§ **Recorded data**:
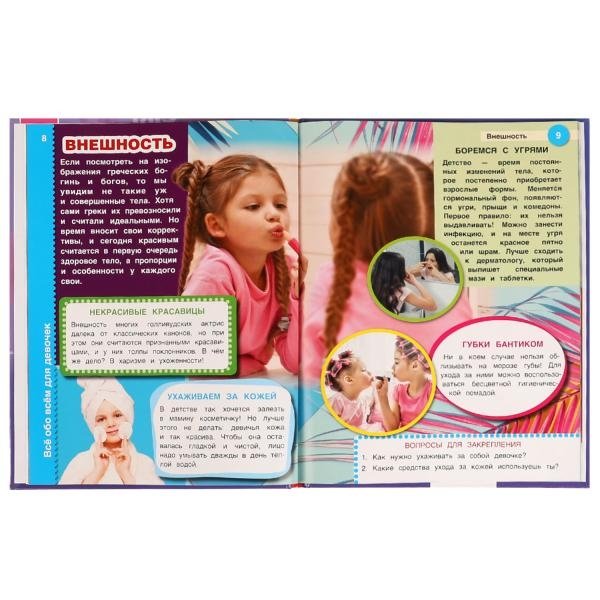 В этой занимательной энциклопедии собраны все самые интересные темы для юных леди: мода, здоровье и уход, кулинария и т.п. Зрелищные фото и удивительные факты увлекут девочку и помогут ей быстро, эффективно и с удовольствием усвоить новую информацию.
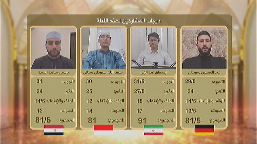 وحصل المتسابق المشارك من إندونيسيا " سيف الله سيوطي سناني " على 81 درجة.
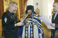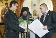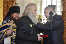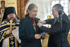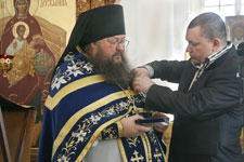 За активную миссионерскую деятельность в России и Зарубежье, личный вклад в объединение Русской Православной Церкви (МП) и Русской Зарубежной Церкви настоятелю храмов Сошествия Святого Духа на Лазаревском кладбище и Всех Московских Святых в Бибирево игумену Сергию (Рыбко) была вручена медаль "Митрополит Лавр", учреждённая в феврале 2009 года в память Первоиерарха Русской Православной Церкви Заграницей митрополита Восточно – Американского и Нью – Йоркского Лавра, его огромной миссионерской деятельности и в ознаменование воссоединения Русской Православной Церкви (МП) и Русской Православной Церкви Заграницей. Также этой почётной медалью за труды во благо Русской Православной Церкви были награждены Координатор Союза Православных Братств Русской Православной Церкви Юрий Николаевич Агещев и Почетный Президент Международной федерации Самбо (FIAS), Председатель Союза Национальных и неолимпийских видов спорта России, Заслуженный тренер РФ Михаил Иванович Тихомиров. Благодарственными грамотами за подписью Владыки Илариона за многолетние труды во славу Русской Православной Церкви, верность историческим традициям Российской Имперской Государственности, активную жизненную позицию были награждены братчики Союза Православных Хоругвеносцев – Заместитель главы СПХ-СПБ, Руководитель Художественной мастерской "Русский Символъ" Игорь Игоревич Мирошниченко, Заместитель главы СПХ-СПБ, Координатор СПХ-СПБ по связям с Украиной (Луганск) и Казачеством Валерий Александрович Левченко, Заместитель главы СПХ-СПБ Владислав Васильевич Куроптев, член СПХ-СПБ, Заместитель главного редактора журнала "Священная Хоругвь" Александр Валерьевич Королев, а также Руководитель Русского Православного Движения "Святая Русь" Иван Александрович Отраковский, Генеральный директор охранного предприятия "Вымпел -Рубеж-1" Заякин Владимир Александрович, Заместитель гендиректора охранного предприятия "Вымпел -Рубеж-1" Сергей Николаевич Агещев. За большие заслуги в возрождении России Нагрудный Знак "Почётный сотрудник Войсковой Православной Миссии" получил лидер рок-группы "Алиса" Константин Евгеньевич Кинчев. Наградной документ подписан Первоиерархом РПЦЗ митрополитом Иларионом и епископом Белевским и Алексинским Серафимом. Директор рок-группы "Алиса" Рябов Михаил Викторович также получил Благодарственную грамоту от Первоиерарха РПЦЗ. В связи с невозможностью их личного присутствия на награждении Начальником Войсковой Православной Миссии было принято решение поручить передачу им данных заслуженных наград в ближайшее время игумену Сергию (Рыбко). От Общероссийской организации "Федерация союза казаков" и Войсковой Православной Миссии особой наградой - орденом "Благоверного царя Иоанна Грозного" - за большой вклад в служении Отечеству был удостоен Глава Союза Православных Хоругвеносцев, Председатель Союза Православных Братств Леонид Донатович Симонович-Никшич. По окончании торжественной части состоялась праздничная трапеза, на которой участники смогли побеседовать, поделиться своими мыслями, переживаниями о сложившейся сегодня антицерковной экспансии на Русскую Православную Церковь, в частности нападками на игумена Сергия (Рыбко) после его призывов к активной защите наших православных святынь, о русском народе и будущем России. Служ

§ **What the task requires**: Put down exactly the lines of the data above that run from its first line through the line bearing "وحصل المتسابق المشارك", and no pictures.

§ **Exercise solution**:
 В этой занимательной энциклопедии собраны все самые интересные темы для юных леди: мода, здоровье и уход, кулинария и т.п. Зрелищные фото и удивительные факты увлекут девочку и помогут ей быстро, эффективно и с удовольствием усвоить новую информацию.
 وحصل المتسابق المشارك من إندونيسيا " سيف الله سيوطي سناني " على 81 درجة.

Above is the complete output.